Plaintiff was a 15 year old special education student at a public school when he was assaulted with brass knuckles by another student, who had a long, violent disciplinary record. Co-counsel had originally filed suit claiming that the school system was negligent for permitting the violent student to be in that environment. The case stalled. It was 8 years old when I was asked to help. In the interim, school negligence law evolved so that recovery for failure to remove a violent student looked doubtful. After reviewing the file, I began taking the depositions of Plaintiff’s teachers. During those depositions, it became evident that the teachers had an established protocol for transporting special education students to and from events. Although the students were never supposed to be left alone, that was exactly what happened to Plaintiff. His teachers failed to keep track of him when returning from a Fall Festival on the school’s grounds. They did not realize that he was missing until returning to the classroom. Before they could find him, he was assaulted by the violent student. After years of refusing to acknowledge liability, the new angle on the school system’s negligence pushed it into agreeing to an out of court settlement after several days of trial.
My client was a vibrant 60 year old local businesswoman. She and her best friend went to shop at a retail strip mall two days after a winter snowfall.
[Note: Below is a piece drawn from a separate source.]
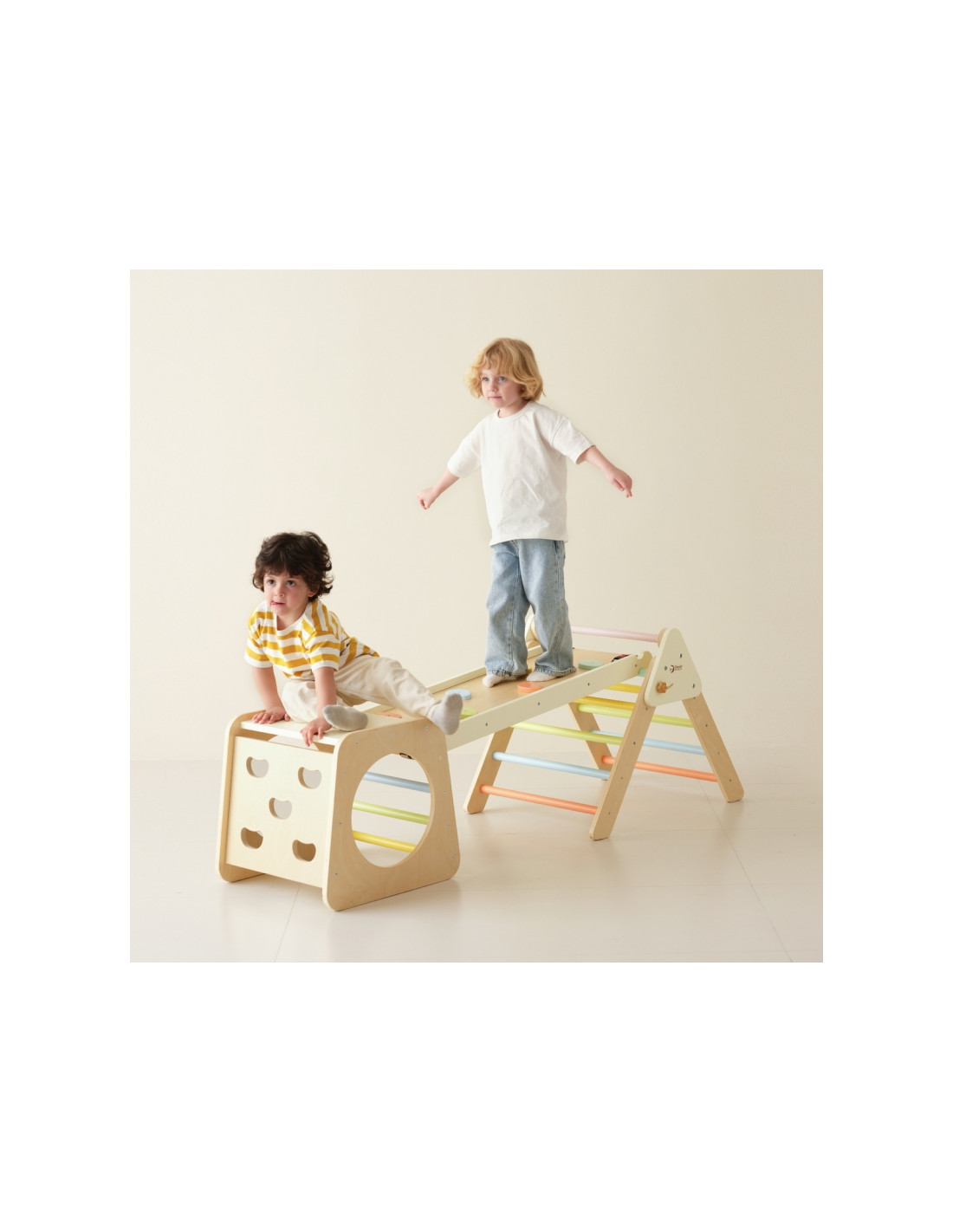 „Classic World“ medinis „Montessori 5 viename“ laipiojimo trikampio rinkinys yra unikalus pasirinkimas vaikams, kurie mėgsta aktyvų žaidimą, judėjimą ir fizinių įgūdžių lavinimą! Šis gražiai suprojektuotas rinkinys yra ne tik žaislas, bet ir priemonė, padedanti lavinti motorinius įgūdžius, pusiausvyrą ir koordinaciją. Pagamintas iš tvirtų, lygiai apdirbtų medinių elementų, jis suteikia saugią erdvę laipioti, čiuožinėti ir lavinti savo motorinius įgūdžius. Rinkinį galima naudoti ir kaip žaidimų aikštelę, ir kaip sporto salę, viename gaminyje atliekant penkias veiklos funkcijas ! Jis gali būti kopėčios, čiuožykla, tiltas, tunelis ir kliūčių ruožas . Dėl sulankstomos konstrukcijos ir lengvos konstrukcijos jį galima lengvai perkelti ir pritaikyti prie turimos erdvės – tiek namuose, tiek darželyje, tiek žaidimų kambaryje. Universali, natūrali išvaizda su pasteliniais akcentais puikiai dera prie bet kokio interjero, skatina mažuosius būti aktyvius ir judėti žaidžiant.

On her way into the store, she slipped on ice that had not been removed since the snowfall. She broke both bones in her ankle. It required two surgeries and over a year to begin getting back to normal. Her injury still hurt and limited her after the second surgery. Her medical expenses totaled approximately $80,000. I quickly deposed the corporate representative for the out of town owner where it became obvious that after it purchased the building two years before the fall it terminated snow and ice removal and simply relied on calls from tenants complaining about such issues. After hiring an economist to calculate the plaintiff’s lost income, past and future, we settled what the mediator called “just a broken ankle case” for $400,000.
Husband and wife were severely injured when the defendant’s vehicle sideswiped them pushing their truck into an oncoming minivan. Wife had over $100,000 in medical expenses; husband had approximately $20,000. The defendant was seriously underinsured. Husband and wife had $200,000 in uninsured motorist coverage. I was able to maximize the clients’ net recoveries by negotiating aggressively with their health insurer, a non-ERISA plan, to reduce what they owed for medical expenses. Recognizing that ERISA’s harsh subrogation rules do not apply to non-profit entities allowed me to persuade their insurer to take pennies on the dollar and put more money in the clients’ pockets.